Exercise directions: After locating the line that holds "Tarjeta gráfica MLLSE", repeat it and each following line exactly until the material ends, skipping pictures.

Dataset section:

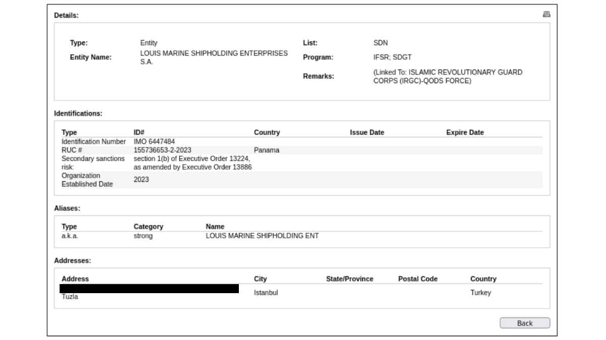 ABD'nin açık kaynak yaptırım veritabanına göre bu şirket, İran'ın İslami Devrim Muhafızları'na destek vermekten yaptırım listesine alındı. Yaptırımlar, 2023 yılında devreye girdi.
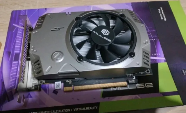 Tarjeta gráfica MLLSE con un diseño plateado y ventilador negro. - Ventilador de refrigeración. - Conexión PCI-e.
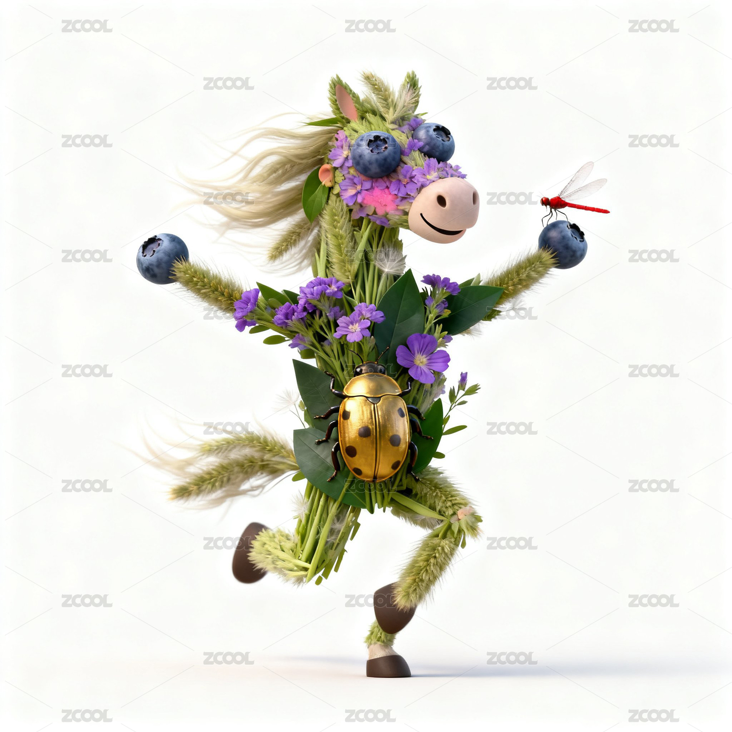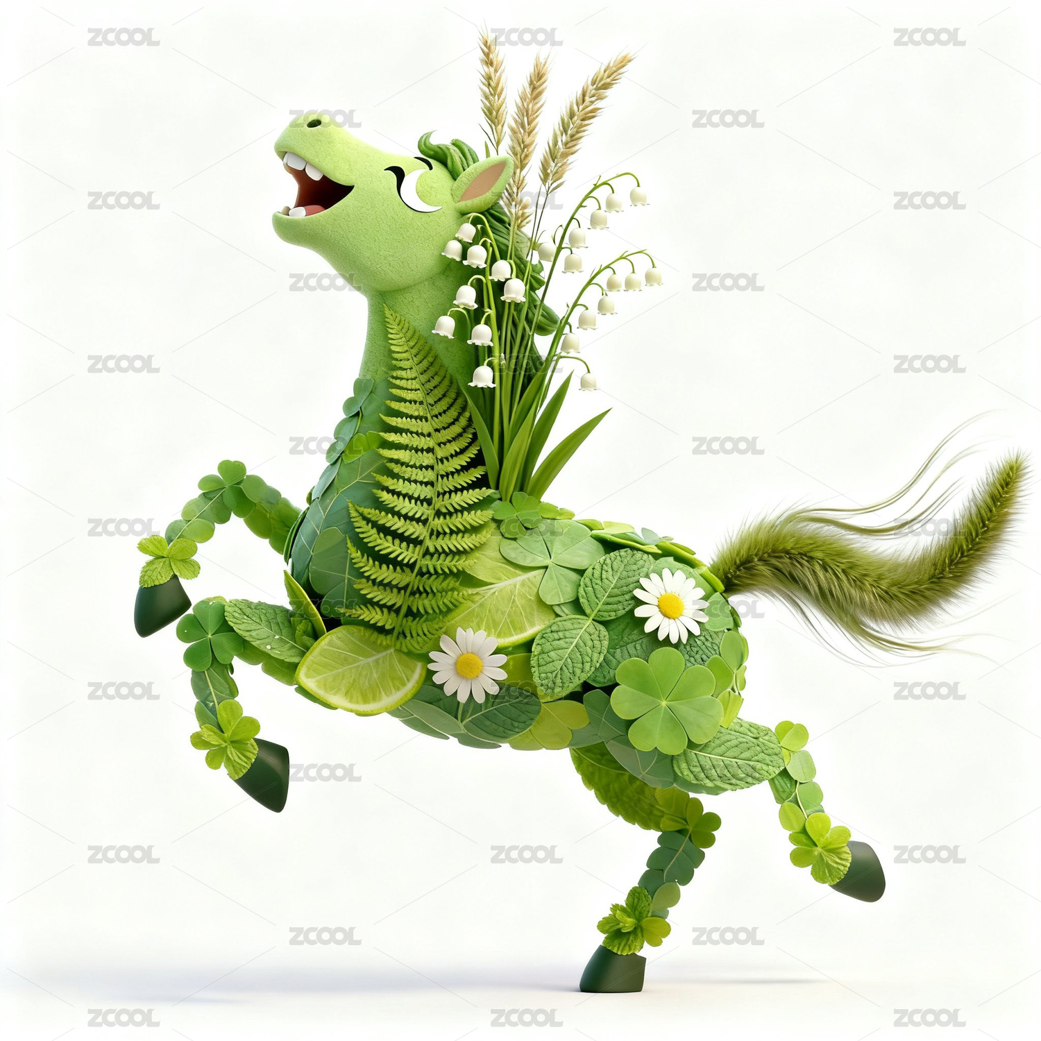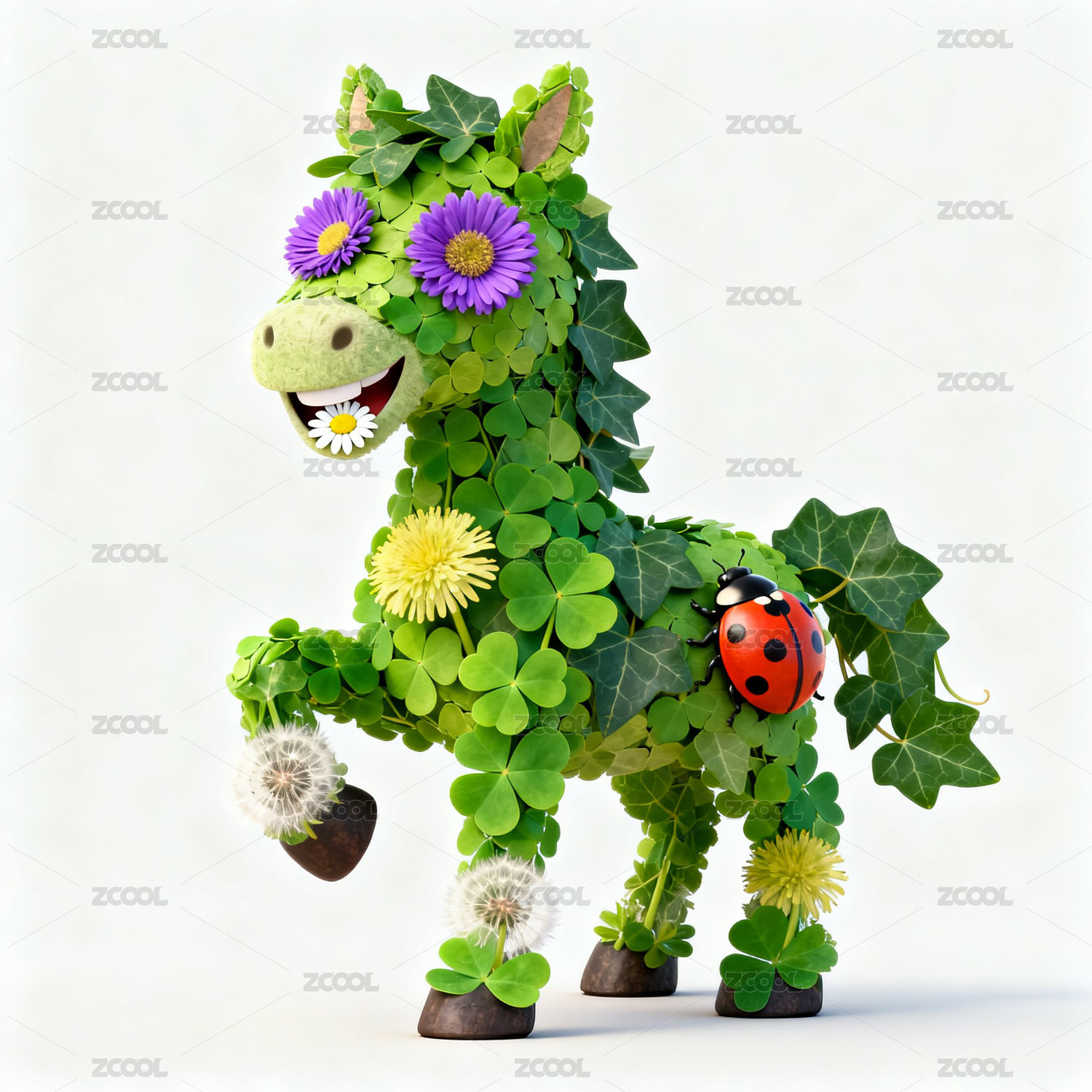 绿植,绿叶,花朵,小野花,花儿,小昆虫,可爱,小马,生肖,野草

Result of this exercise:
 Tarjeta gráfica MLLSE con un diseño plateado y ventilador negro. - Ventilador de refrigeración. - Conexión PCI-e.
 绿植,绿叶,花朵,小野花,花儿,小昆虫,可爱,小马,生肖,野草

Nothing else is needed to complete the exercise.